CHINA: Coca Cola’s bid to buy Huiyuan juice was turned down because China feared the soft drinks giant could abuse its position, an official said. Ministry of Commerce spokesman Yao Jian said in an interview with the People’s Daily that Coca-Cola was so big it could deter competition.
“Potential competitors would find it very difficult to enter this market and grow into substantive competitors against Coca-Cola and thereby eradicate or restrict the possibility of Coca-Cola engaging in abusive conduct,” he said. “If mergers and acquisitions lead to multinational companies gaining or enhancing dominant status, this will hinder economic development.”
US: Plans to charge retailers in New York up to $5,000 (£3,423) a year to sell cigarettes have come under attack from politicians from across the political spectrum, who have branded it “absurd”. New York Governor David Patterson has announced plans to raise an extra $18m (£12.3m) by raising the $100 annual registration fee to between $1,000 (£684) and $5,000 (£3,423) depending on sales.

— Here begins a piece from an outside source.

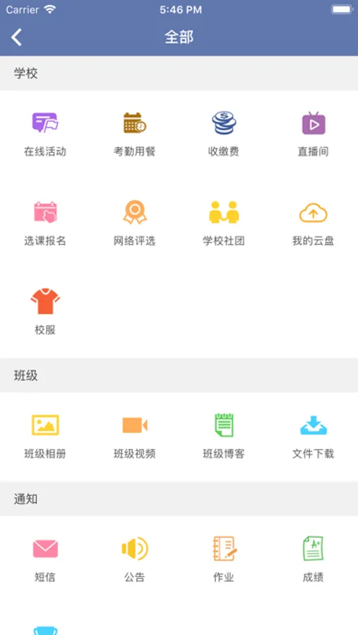 通知:向全校或全班的教师、家长、学生及群组发布各种信息,如公告、作业、成绩、光荣榜等。
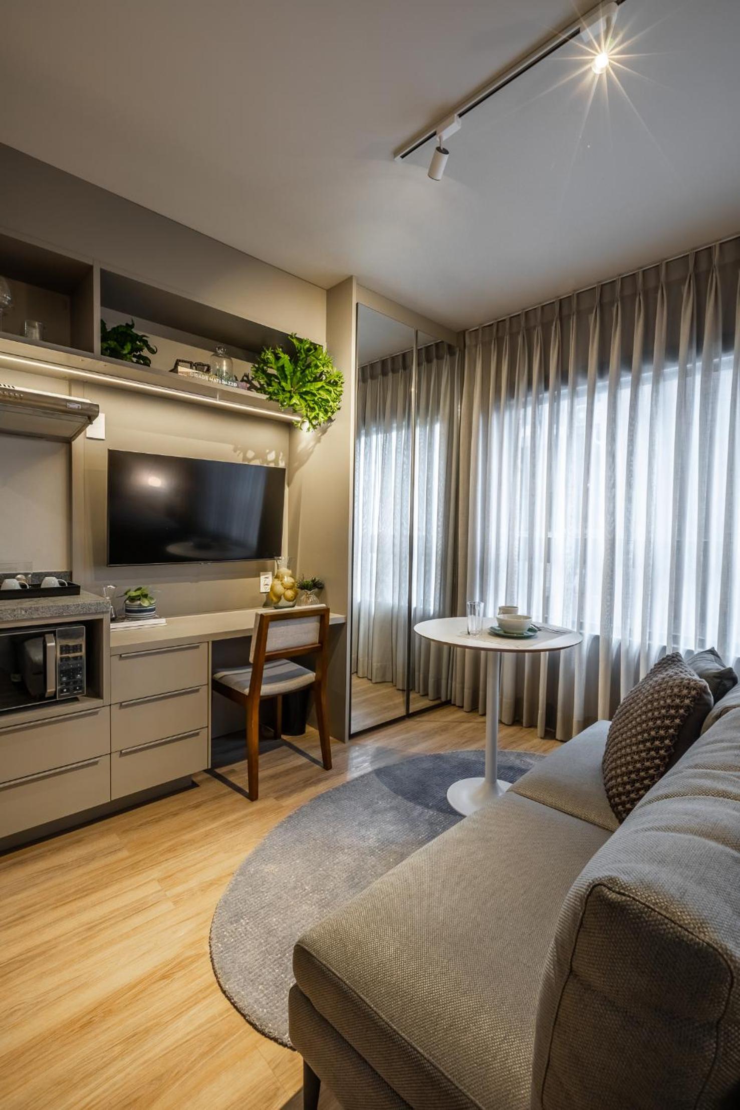O apto é um pouco apertado para ser usado como flat. A cozinha fica muito em cima da cama. Mas o conforto é muito adequado.

“It’s an absurd proposal, particularly in hard times,” said Democratic assemblyman Micah Kellner.
GERMANY: Metro Group has announced plans to enter and rapidly expand in China with a chain of electronics stores. Metro Group has joined forced with Foxconn Technology Group, the largest non-government-affiliated company in China and will open the first Media Markt store in China in 2010. It then plans rapid expansion with the potential for hundreds of stores.
“It is our vision that Media Markt, with the new consumer electronics retail joint venture, will bring enhanced consumer delight to China, which is the fastest-growing large economy in the world,” said Eckhard Cordes, chief executive of Metro Group. Metro’s full-year results for 2008 show pre-tax profits up 7.1% to €2.2bn (£2.02bn) on sales up 5.8% to €68bn (£62.7bn).

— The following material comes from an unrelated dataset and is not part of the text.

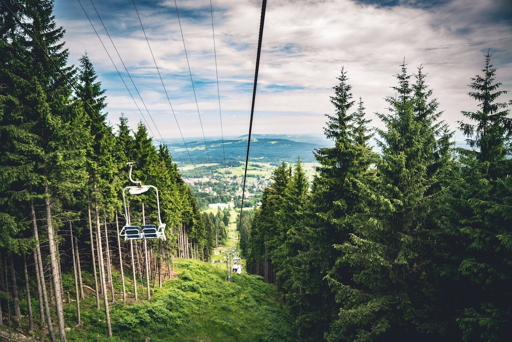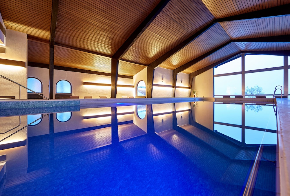 The hotel is located in the Ammergau region, at the foot of the Hörnle mountain, at a healthy altitude of nearly 3,000 feet with a breathtaking view.It offers 131 rooms, health farm, spa, massage parlours, indoor pool, sauna, fitness room, restaurants with terraces, bar, garden with a meadow, underground parking, 7 conference rooms ranging from 463 to 1,770 square feet.

RUSSIA: X5 Retail Group is cutting prices and reducing the ranges in some stores to draw in hard-up Russian shoppers. Chief executive Lev Khasis said X5 would lower prices at its Pyatyorochka discount stores and reduce ranges by about 20% by the end of 2009 in order to save money. He said the price cuts would be offset by higher volumes of customers in the stores. The company was also looking to expand through buying franchisees in regions, as well as rival discounters, said Khasis.
FRANCE: Carrefour has brought forward its plans to convert all its Champion branded stores to the Carrefour banner. The group’s chief executive Lars Olofsson said all the stores would be changed by October.
“The convergence of stores under the Carrefour banner is a good initiative, but we have to move faster, so we plan to complete the conversion of all Champion stores five months earlier than initially planned,” he said.